*Source data:*
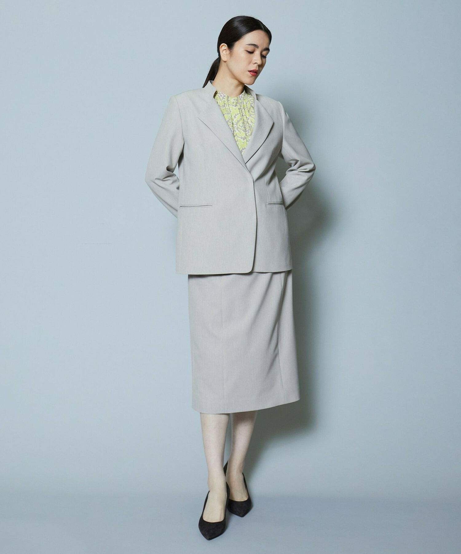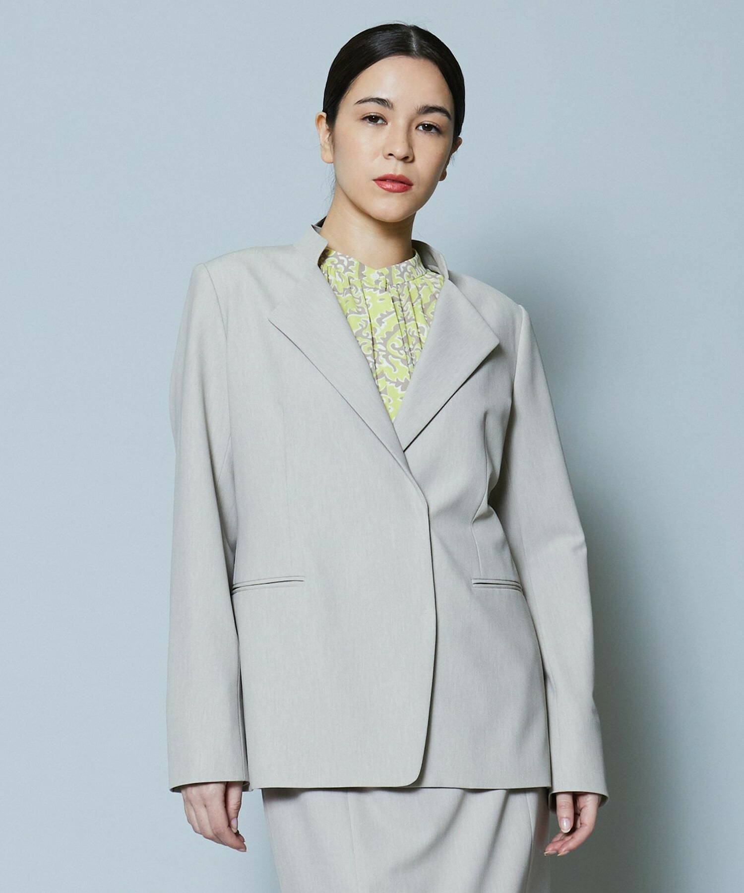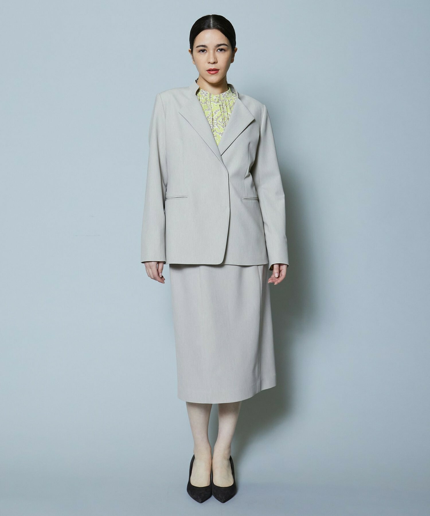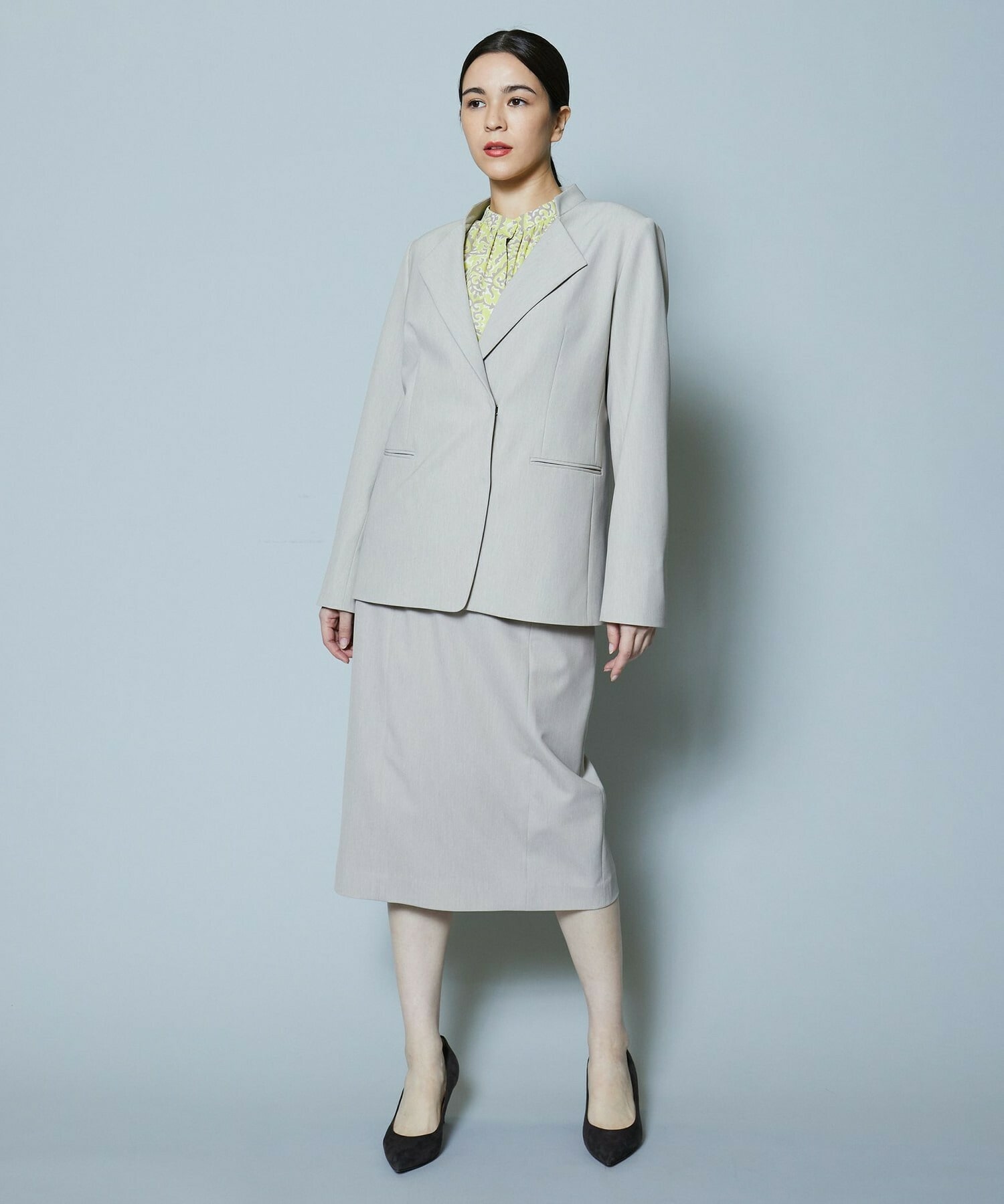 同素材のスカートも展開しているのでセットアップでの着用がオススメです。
* * *
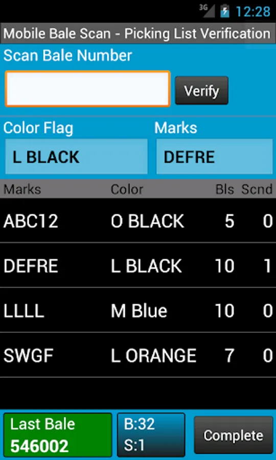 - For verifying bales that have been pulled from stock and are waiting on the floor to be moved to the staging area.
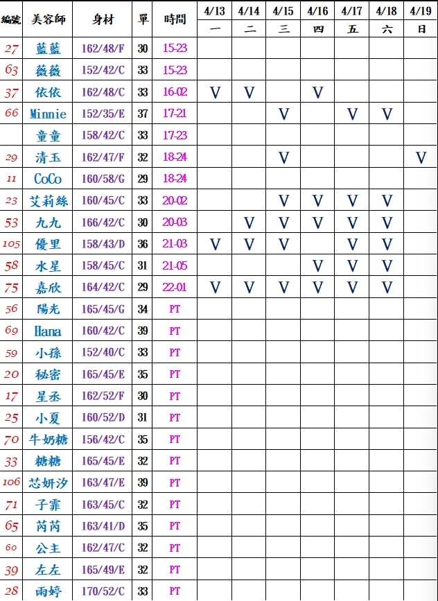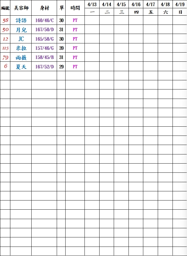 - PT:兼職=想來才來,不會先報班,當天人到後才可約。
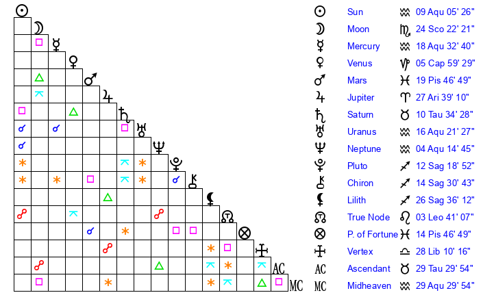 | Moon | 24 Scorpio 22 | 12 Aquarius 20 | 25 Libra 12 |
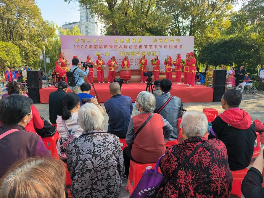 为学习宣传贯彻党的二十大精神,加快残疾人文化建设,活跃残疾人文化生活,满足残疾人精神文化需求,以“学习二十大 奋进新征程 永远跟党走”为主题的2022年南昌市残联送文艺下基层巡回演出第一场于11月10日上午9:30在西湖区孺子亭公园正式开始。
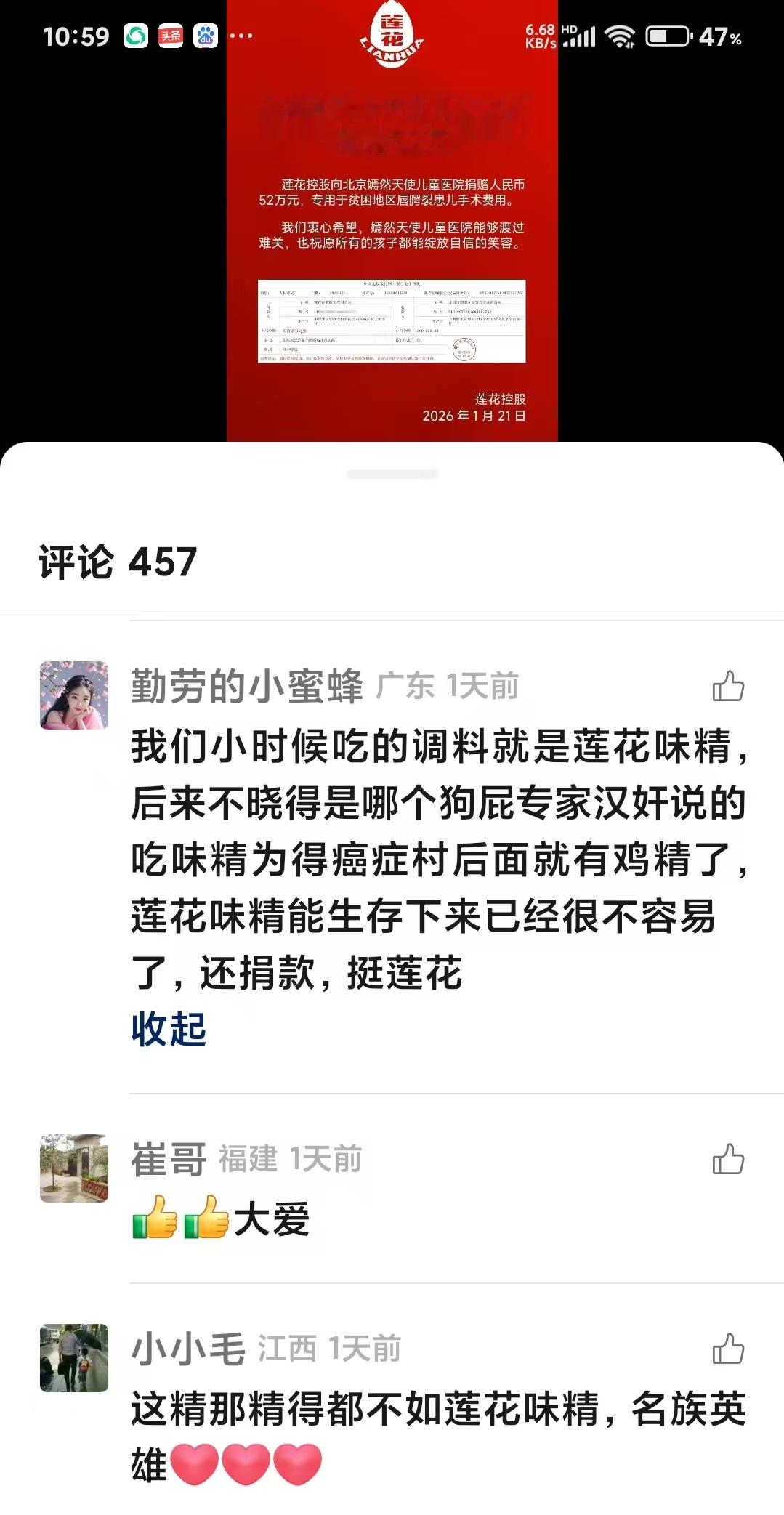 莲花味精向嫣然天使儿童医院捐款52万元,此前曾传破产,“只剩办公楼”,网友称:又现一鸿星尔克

*Task to complete:*
Write out the lines above from the one with "- For verifying" through the one with "莲花味精向嫣然天使儿童医院捐", ends included, exactly; no picture goes in.

*Solution to this task:*
 - For verifying bales that have been pulled from stock and are waiting on the floor to be moved to the staging area.
 - PT:兼職=想來才來,不會先報班,當天人到後才可約。
 | Moon | 24 Scorpio 22 | 12 Aquarius 20 | 25 Libra 12 |
 为学习宣传贯彻党的二十大精神,加快残疾人文化建设,活跃残疾人文化生活,满足残疾人精神文化需求,以“学习二十大 奋进新征程 永远跟党走”为主题的2022年南昌市残联送文艺下基层巡回演出第一场于11月10日上午9:30在西湖区孺子亭公园正式开始。
 莲花味精向嫣然天使儿童医院捐款52万元,此前曾传破产,“只剩办公楼”,网友称:又现一鸿星尔克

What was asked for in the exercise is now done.